Recorded data =

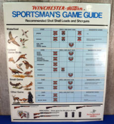 great graphics of Varmint, Big Game & Dangerous Animals w/the ammo and Mdl.70 & 94 guns! Tin over cardboard; overall rates about an 8.5 with just a few scratches and marks; 28"x23"
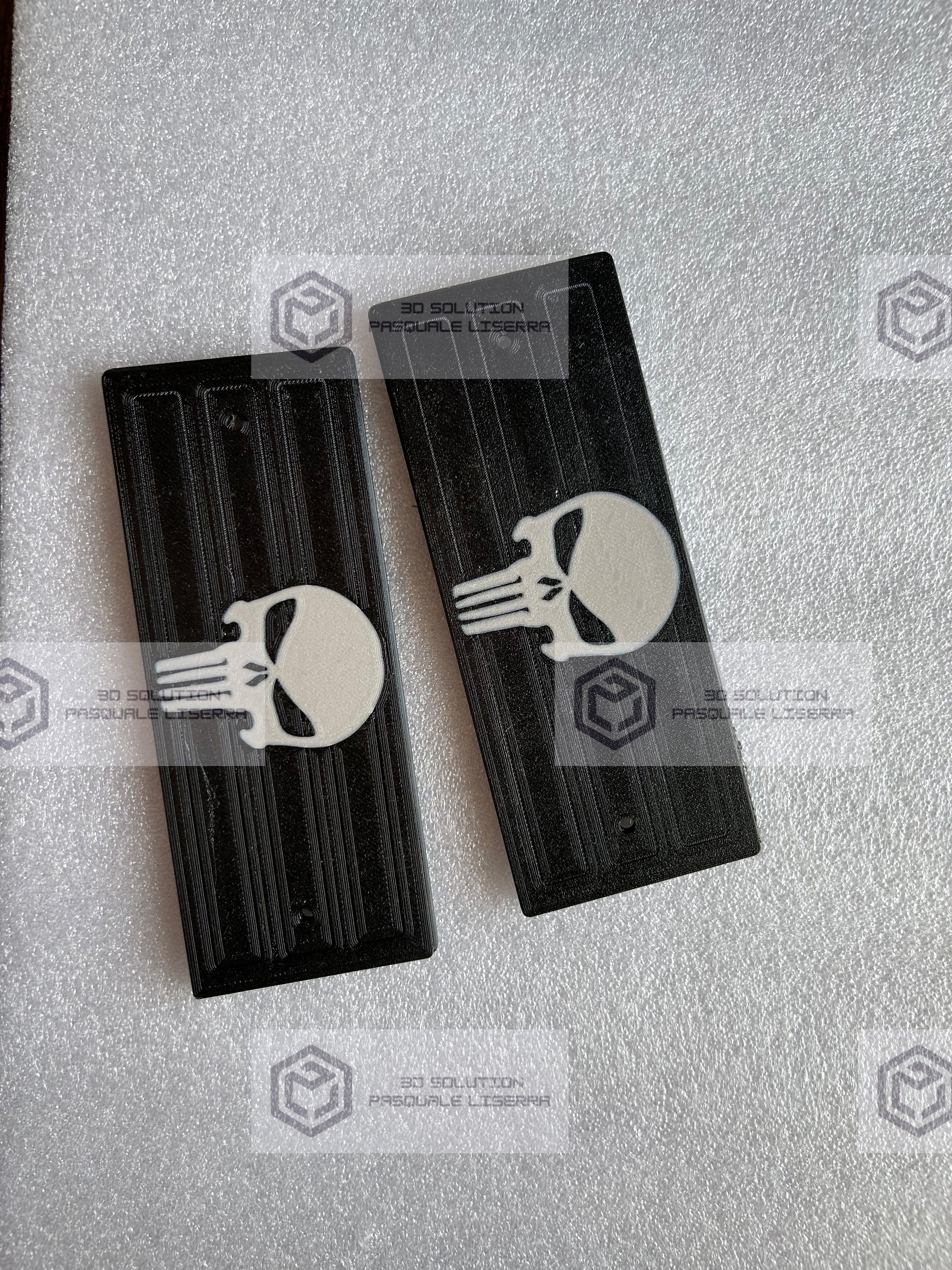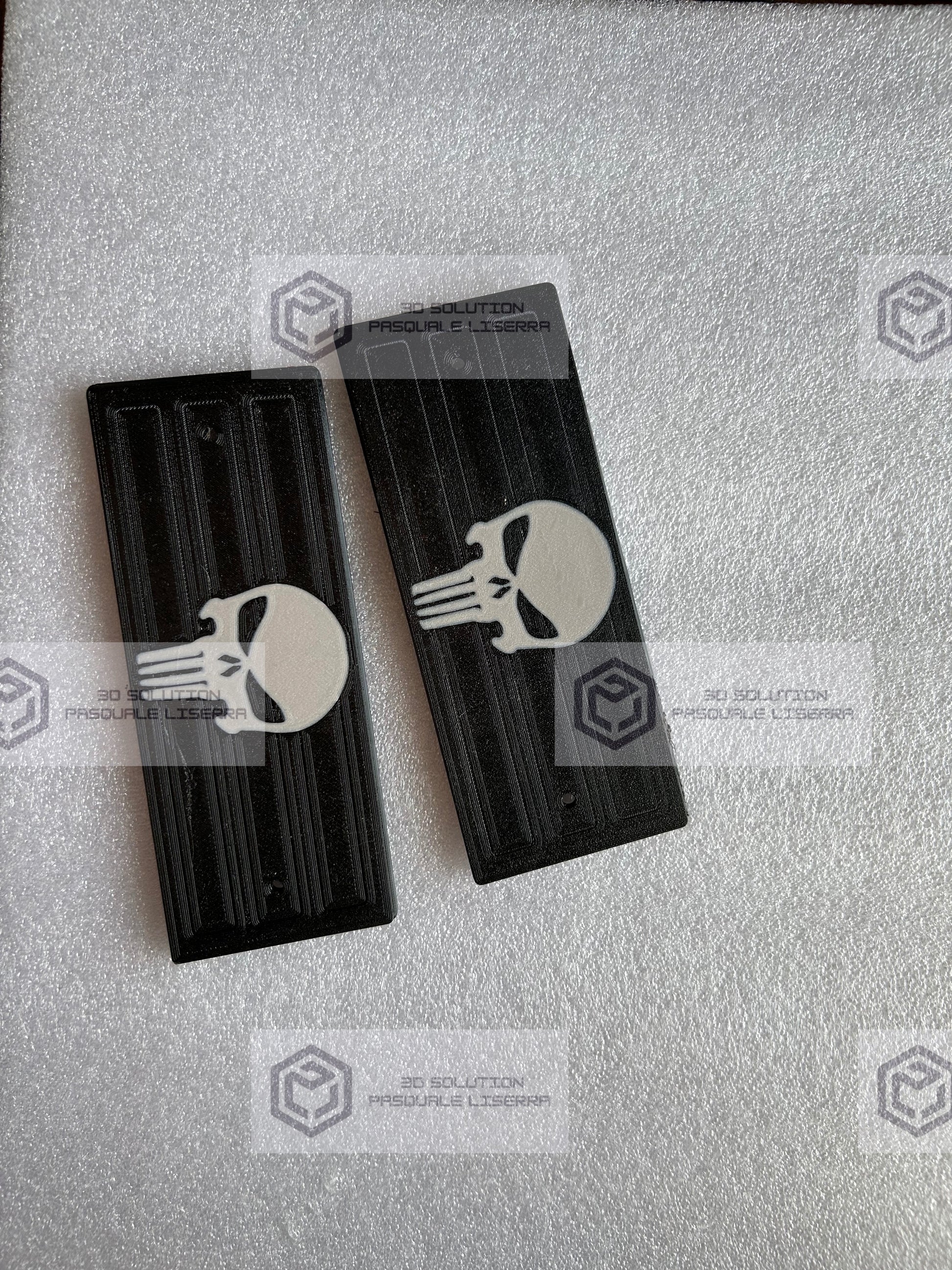 Coppia (2) di modanature laterali arco per Suzuki Samurai, caratterizzate dal logo "Punisher" per un look grintoso e personalizzato.
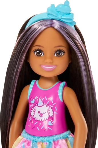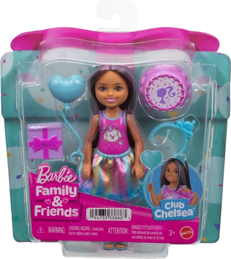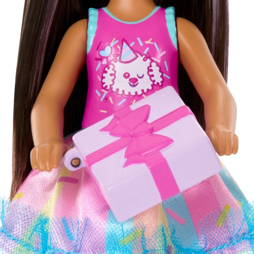 Adorabila păpușă Barbie Club Chelsea aduce distracție de ziua de naștere în orice joc. Păpușa mică, de aproximativ 13 cm, are păr lung, închis, cu șuvițe mov, poartă un top drăgălaș cu cățeluș, o fustiță colorată și sandale bleu. Setul include accesorii tematice pentru petrecerea de ziua de naștere – balon, cadou, bentiță și tort – care încurajează jocul de rol creativ și inventarea propriilor povești.

Task item =
Retype the entire listing exactly as it appears, dropping only the pictures.

Problem solution =
 great graphics of Varmint, Big Game & Dangerous Animals w/the ammo and Mdl.70 & 94 guns! Tin over cardboard; overall rates about an 8.5 with just a few scratches and marks; 28"x23"
 Coppia (2) di modanature laterali arco per Suzuki Samurai, caratterizzate dal logo "Punisher" per un look grintoso e personalizzato.
 Adorabila păpușă Barbie Club Chelsea aduce distracție de ziua de naștere în orice joc. Păpușa mică, de aproximativ 13 cm, are păr lung, închis, cu șuvițe mov, poartă un top drăgălaș cu cățeluș, o fustiță colorată și sandale bleu. Setul include accesorii tematice pentru petrecerea de ziua de naștere – balon, cadou, bentiță și tort – care încurajează jocul de rol creativ și inventarea propriilor povești.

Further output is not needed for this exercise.